- **Records from a data collection**

----

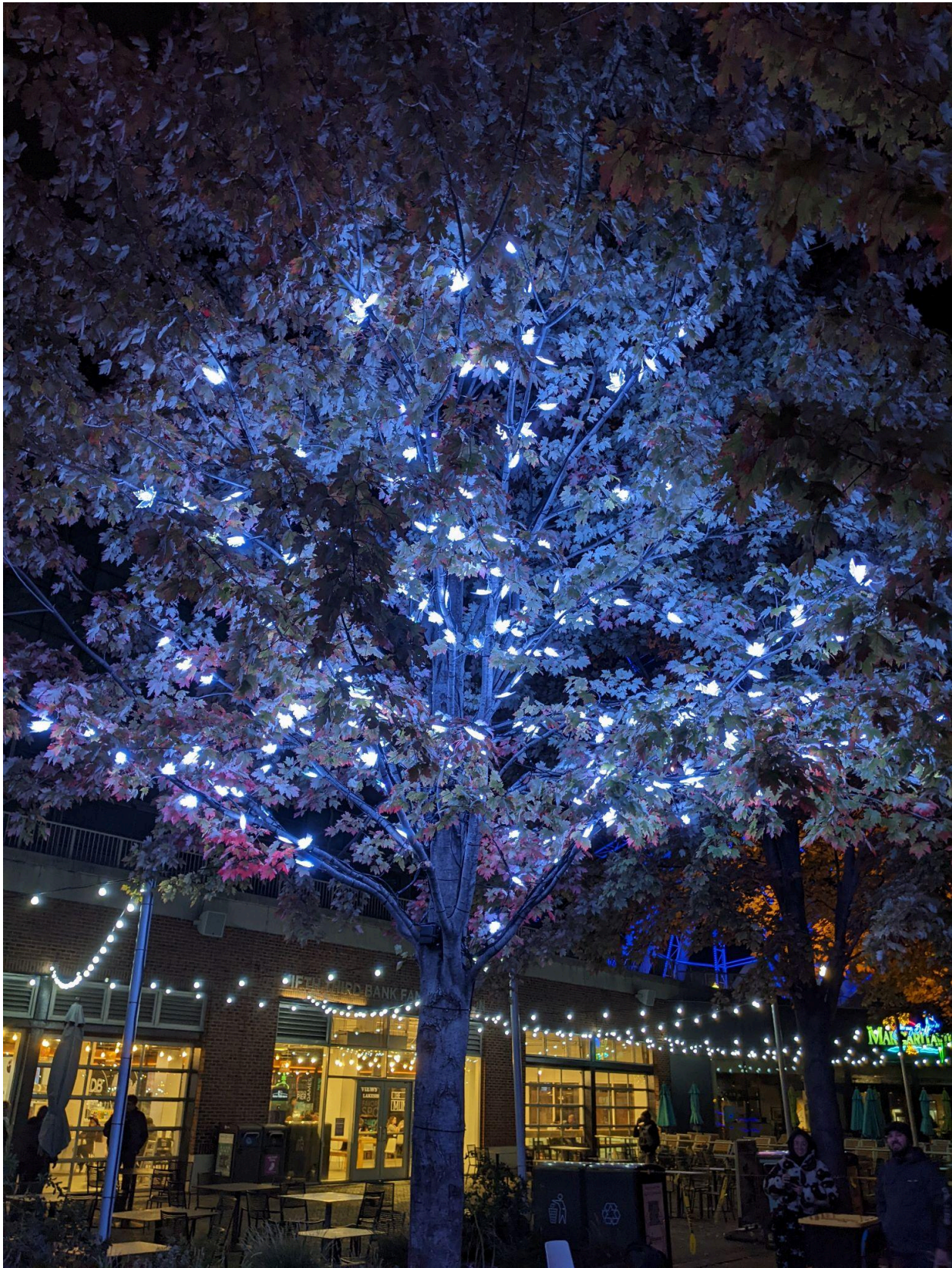
"Navy Pier ArborLights" Cast Polycarbonate, LEDs. Installed in a Marmo Maple $50,000 September 2022 - Chicago, IL
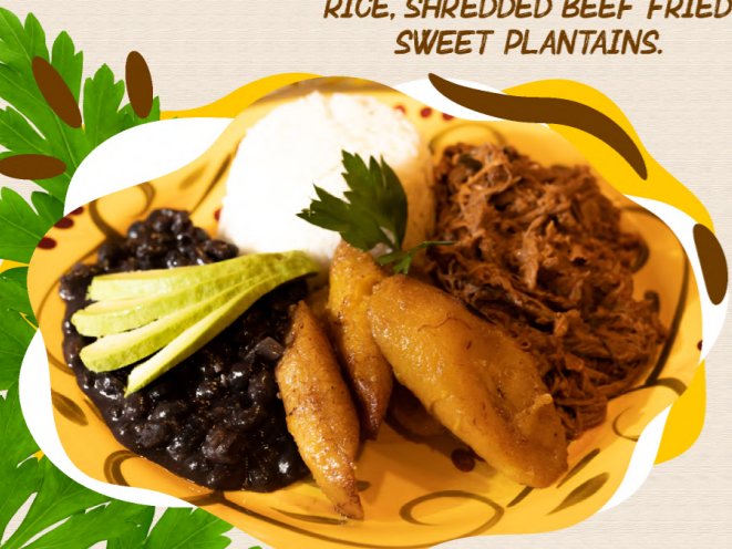
PLATE WITH BLACK BEANS WHITE RICE, SHREDDED BEEF FRIED SWEET PLANTAINS.
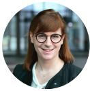
CATHARINA DAUM TRUMPF MEDIA RELATIONS, RZECZNIK PRASOWY

Modern flow drilling methods can almost double the thread count and reduce the required material thickness by 50 percent, as Steinhart explains: "In one project we managed to reduce the material thickness from the original figure of nearly four millimeters to just two millimeters while still achieving a 3.6-millimeter thread depth. That made the pipe design much lighter, offering tangible benefits for the customer's final product and enabling us to offer them the part at a lower price."
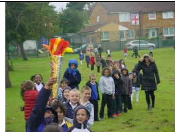
The winning olympic torch was passed around our whole school by every member of our school community.
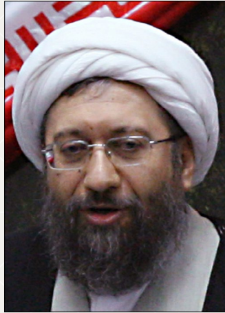
Chairman of the Expediency Council Sadegh Larijani
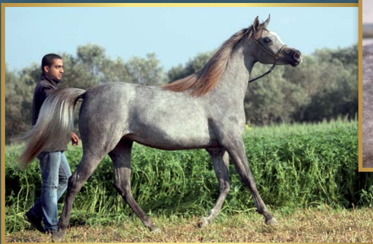
The extremely refined 2009 Al Rabeh daughter RAWAA AL FAWAZ out of Qatifa Sitara, bred by Al Farwaz Stud and owned by Moataz Younis.
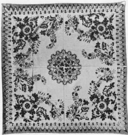
No. 700 COTTON-CREPE Printed Table Cloth 60" × 60"

washing. This is a distinct advantage over other makes of cotton fabrics, so that cotton crepe is most economical.
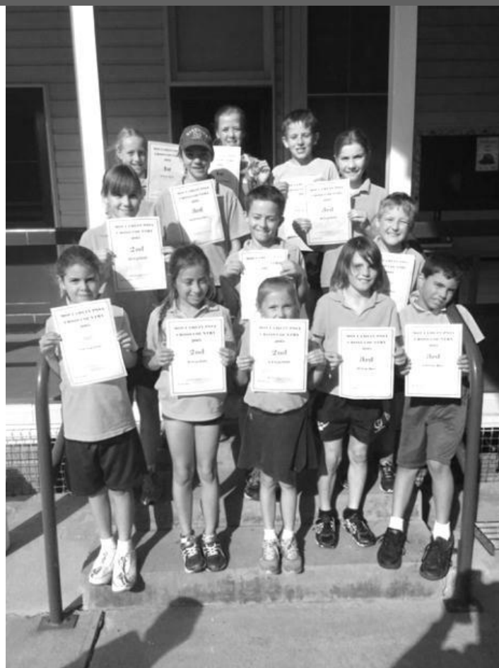
Place getters at the PSSA Moulamein Cross Country
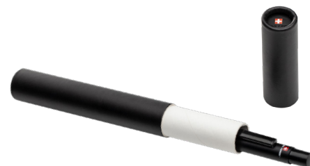
Swiss Force® Packaging
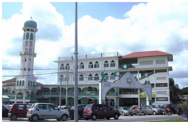
Figure 7: Rusila Mosque
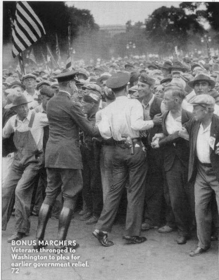
BONUS MARCHERS Veterans thronged to Washington to plea for earlier government relief. 72

In 1932, the U.S. Army disperses the protesters of the Bonus Expeditionary Force.
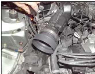
Fig. # 8
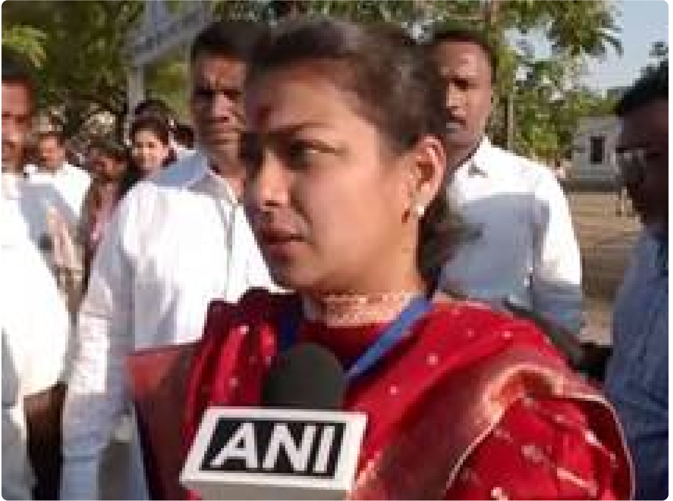
Former Maharashtra CM Sushil Kumar Shinde and his daughter Solapur Lok Sabha candidate Praniti Shinde cast their votes

(/news/national/politics/former-maharashtra-cm-sushil-kumar-shinde-and-his-daughter-solapur-lok-sabha-candidate-praniti-shinde-cast-their-votes20240507085938)

----

- **Exercise**
Could you repeat exactly the lines from the one containing "BONUS MARCHERS Veterans" through the last line of the records, both included, without the pictures?

- **Solved exercise**
BONUS MARCHERS Veterans thronged to Washington to plea for earlier government relief. 72

In 1932, the U.S. Army disperses the protesters of the Bonus Expeditionary Force.
Fig. # 8
Former Maharashtra CM Sushil Kumar Shinde and his daughter Solapur Lok Sabha candidate Praniti Shinde cast their votes

(/news/national/politics/former-maharashtra-cm-sushil-kumar-shinde-and-his-daughter-solapur-lok-sabha-candidate-praniti-shinde-cast-their-votes20240507085938)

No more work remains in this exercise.